|Data analysis using multiple countries different survey years [message #3111]
|Thu, 16 October 2014 07:15
Registered: July 2013
I am using a DHS dataset that merges the latest women's individual datasets from 31 different countries. It is therefore a cross-sectional dataset but with survey years ranging from 2004 to 2013 and DHS phases 4 to 6. I would like to use matching to find the best balance of measured covariates before running a regression, and will match using a mixture of individual variables such as the respondent's religion or educational attainment and country level variables such as GDP or Maternal Mortality ratio. I remember reading that cross-sectional datasets should use variables from one point in time, but this is not really the case here. So what's the best approach for choosing country level variables.
1. For example should I choose values from one year e.g. 2011 for all countries
2. Or values from one year before each interview year. Some countries have interviews in two years e.g. some women in the country were interviewed in 2010 and others in 2011 so GDP values would be from 2009 and 2010 depending on the year of the interview.

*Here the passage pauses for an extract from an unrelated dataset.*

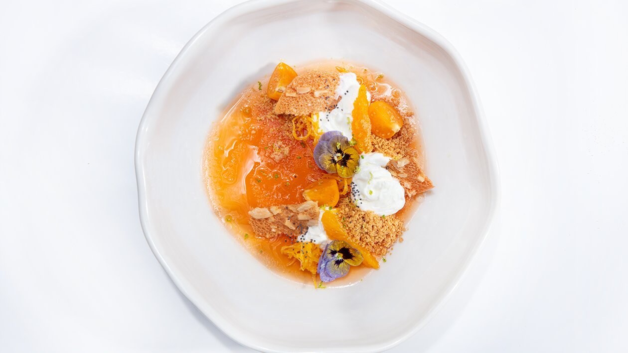 • Decorar com as physalis, a bolacha triturada, a laranja em gomos, as flores e por fim a raspa de lima por cima.
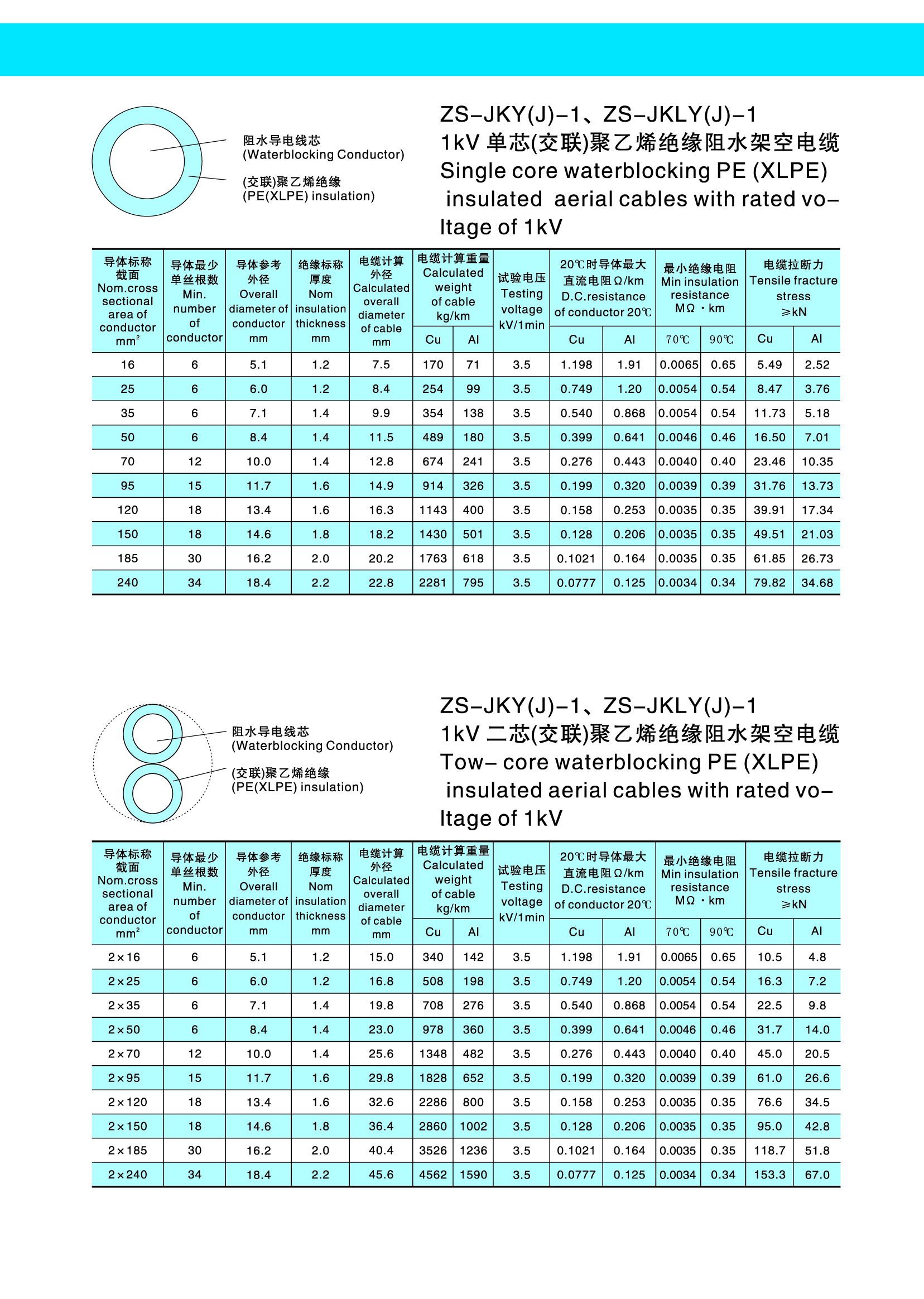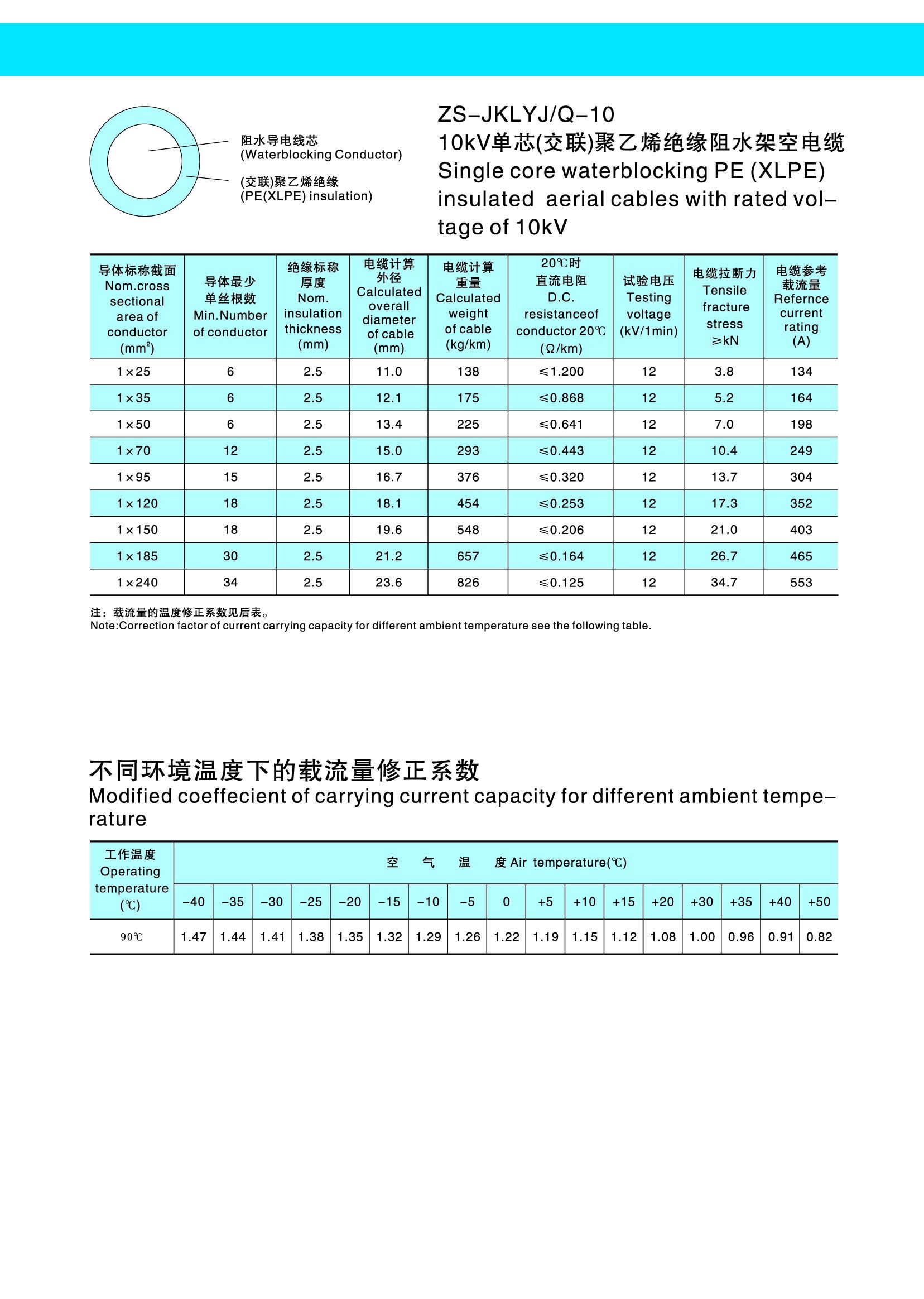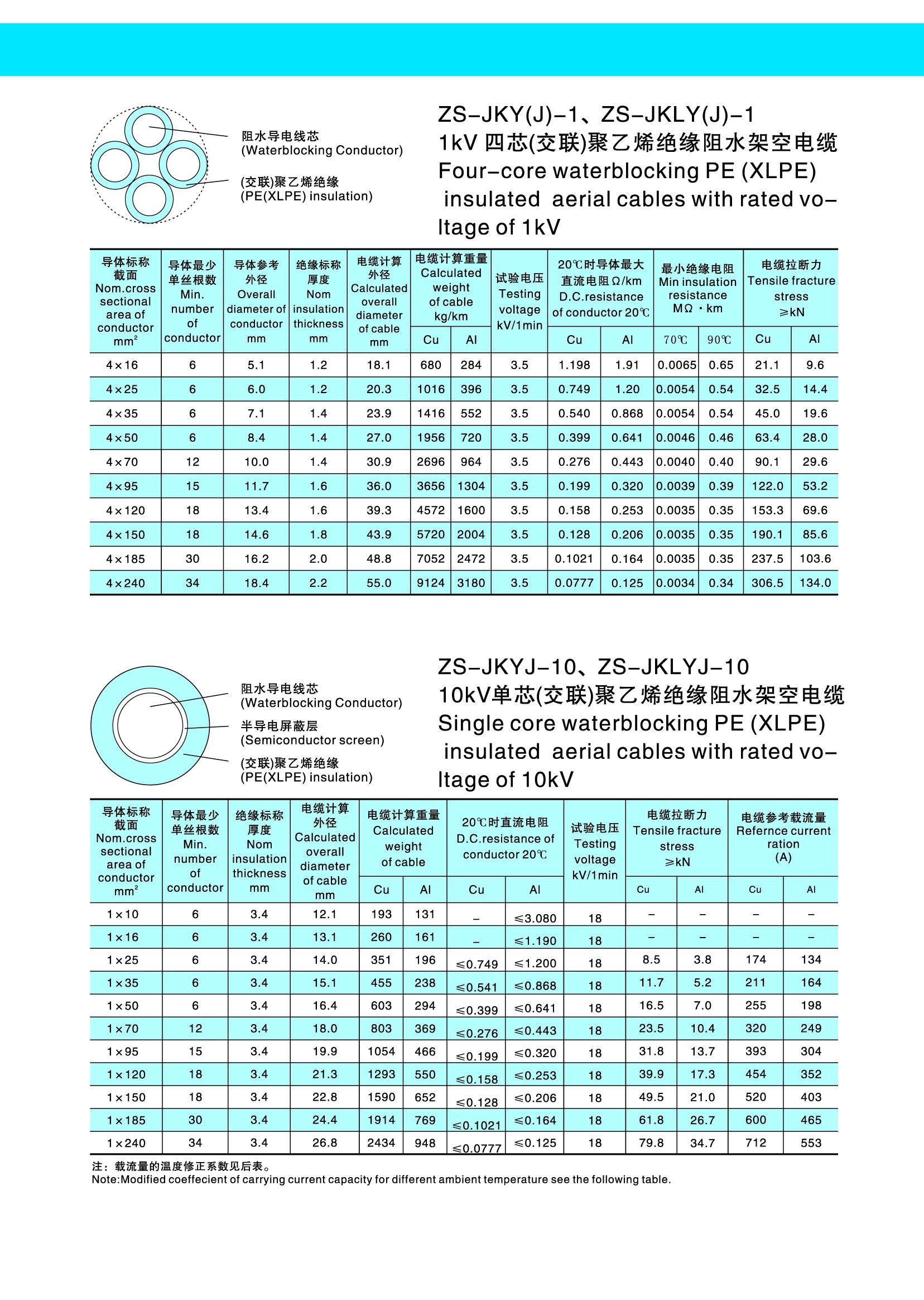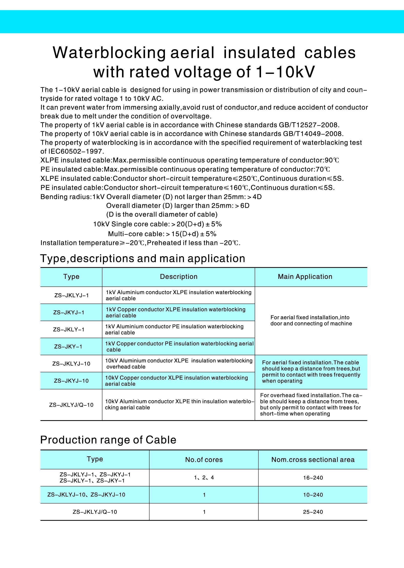 Waterblocking aerial insulated cables with rated voltage 10kB

3. Alternatively, how would one handle lagging in this instance. For example, if I think the Maternal Mortality rate when they were 18 affects the outcome at the time of the survey, then would I use MM values for when each respondent was 18 years old? My age range is 15 to 36 so that would be GDP values going back 18 years for each of the 31 countries?
Also can you think of any issues I need to watch out for from the different phases?
Any ideas would be very welcome